Neural auto-association with optimal Bayesian learning
Andreas Knoblauch
TL;DR
The paper investigates auto-associative neural memories through an optimal Bayesian learning framework and contrasts it with Bayesian-approximate rules like BCPNN. It shows that deviations from naive Bayes assumptions, such as constant activity patterns, iterative retrieval, and winner-take-all selection, can produce anomalies where BCPNN performs better, explained by mismatched noise assumptions over iterations. Introducing Adaptive Noise Estimation (ANE)—which updates noise estimates during iterative retrieval—significantly boosts performance, with the largest gains seen under core-retrieval strategies for Palm-pattern ensembles. The overall maximum storage capacity is attained by the Bayesian rule with ANE, while stabilized BCPNN remains robust under simpler conditions; these findings shed light on how retrieval dynamics and structure affect memory capacity in neural networks and offer a potential link to neurobiological mechanisms like short-term plasticity.
Abstract
Neural associative memories are single layer perceptrons with fast synaptic learning typically storing discrete associations between pairs of neural activity patterns. Previous works have analyzed the optimal networks under naive Bayes assumptions of independent pattern components and heteroassociation, where the task is to learn associations from input to output patterns.

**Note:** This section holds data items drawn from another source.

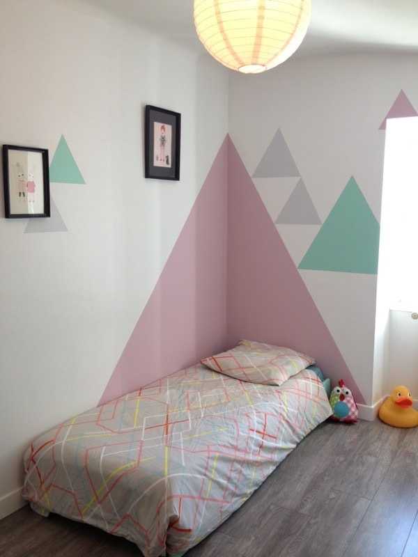 Геометрия на стенах — увлекательная задумка. Этот вариант совмещает в себе асимметрию и ровные грани, визуальные фактуры и яркие контрастирующие элементы. Для создания геометрии на стенах понадобится: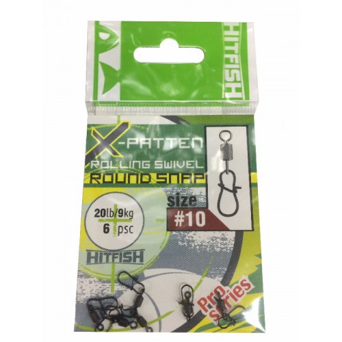 Застежка Hitfish X-Patten rolling swivel wifh round snap с вертлюгом №10 6шт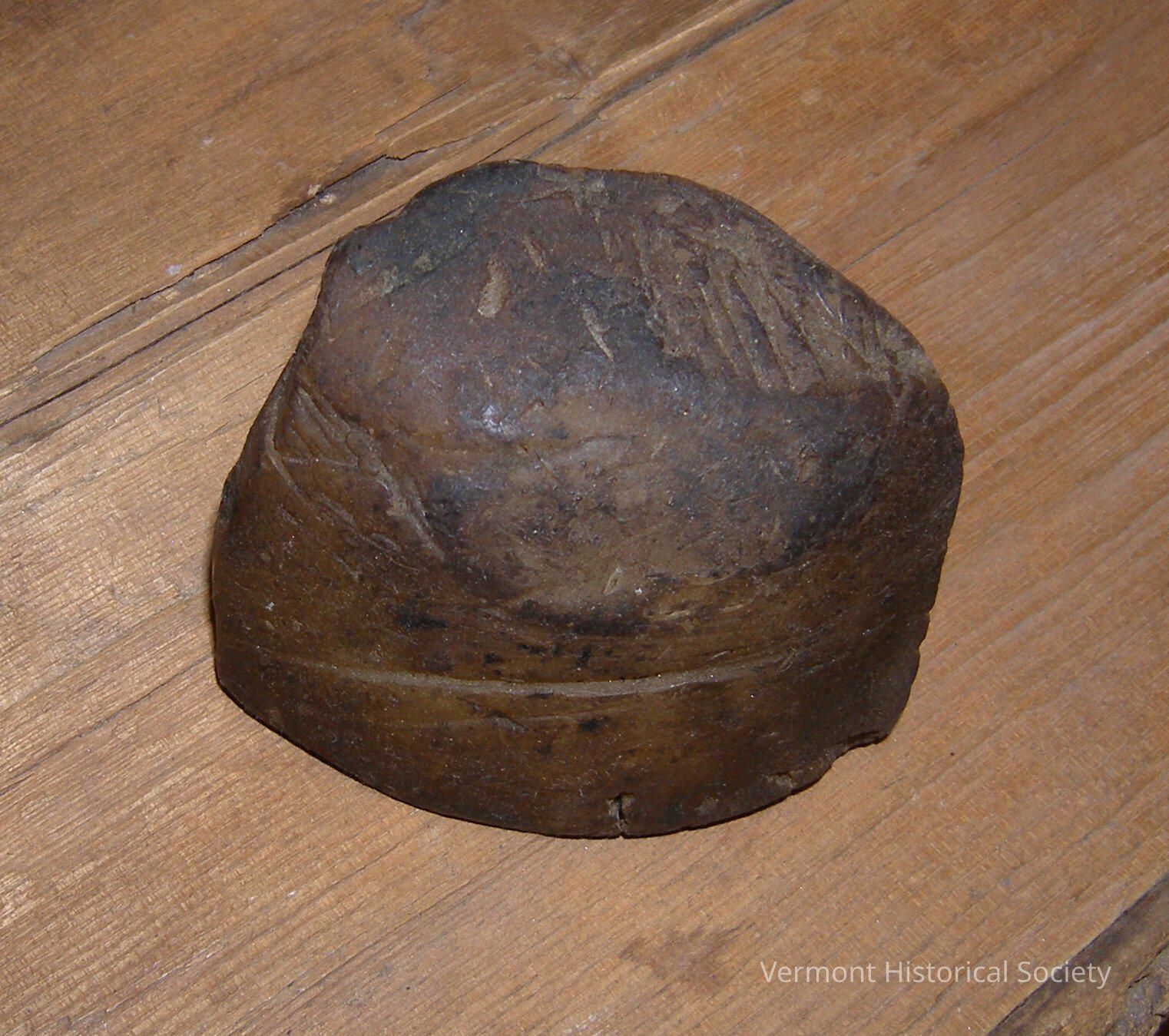 Irregularly shaped lump of beeswax. The wax is incised in several places across the top from waxing thread.Context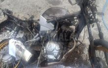 Sebuah Honda Tiger Revo hangus hingga hanya tersisa rangka dan mesin usai menabrak keras sebuah truk. Kronologinya bikin merinding.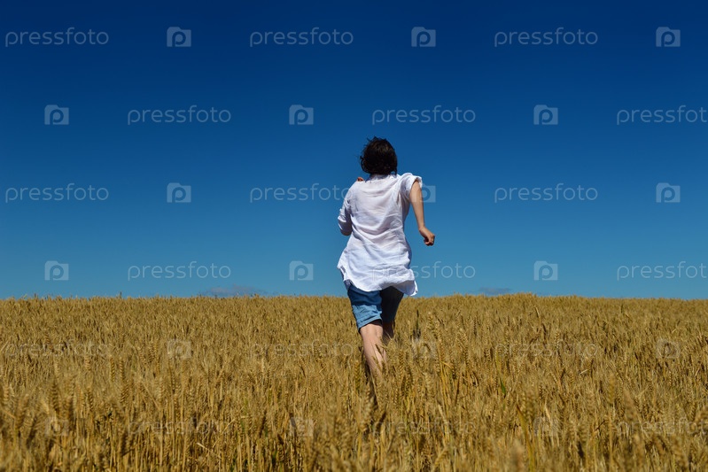 Молодая женщина на пшеничном поле летом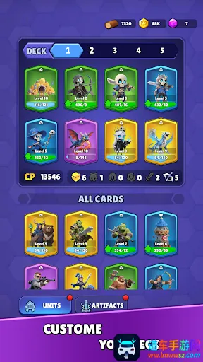1. 丰富卡牌收集:拥有普通、稀有、史诗、传奇四种级别的卡牌,且每种又分人类、兽人、不死族、机器四种类别,可自由搭配组合,组建最强军团。
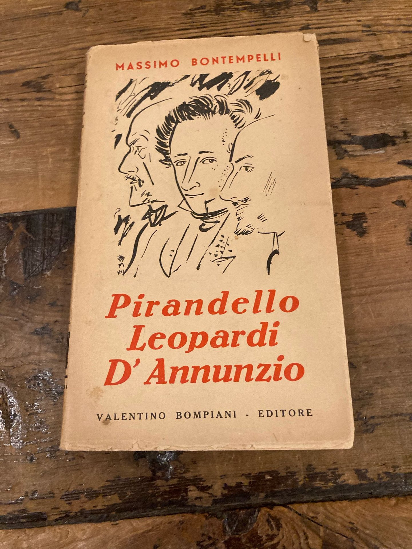 In-8°, pp. 160 (10), brossura editoriale figurata con titoli in nero, ripetuti in rosso e nero alla sovracoperta con alette paratestuali. Bell'esemplare. Seconda edizione di questi tre studi bontempelliani: Pirandello o del candore; Leopardi, L' uomo solo; D' Annunzio o del martirio.

Here I study the optimal Bayesian associative network for auto-association where input and output layers are identical. In particular, I compare performance to different variants of approximate Bayesian learning rules, like the BCPNN (Bayesian Confidence Propagation Neural Network), and try to explain why sometimes the suboptimal learning rules achieve higher storage capacity than the (theoretically) optimal model. It turns out that performance can depend on subtle dependencies of input components violating the ``naive Bayes'' assumptions. This includes patterns with constant number of active units, iterative retrieval where patterns are repeatedly propagated through recurrent networks, and winners-take-all activation of the most probable units. Performance of all learning rules can improve significantly if they include a novel adaptive mechanism to estimate noise in iterative retrieval steps (ANE). The overall maximum storage capacity is achieved again by the Bayesian learning rule with ANE.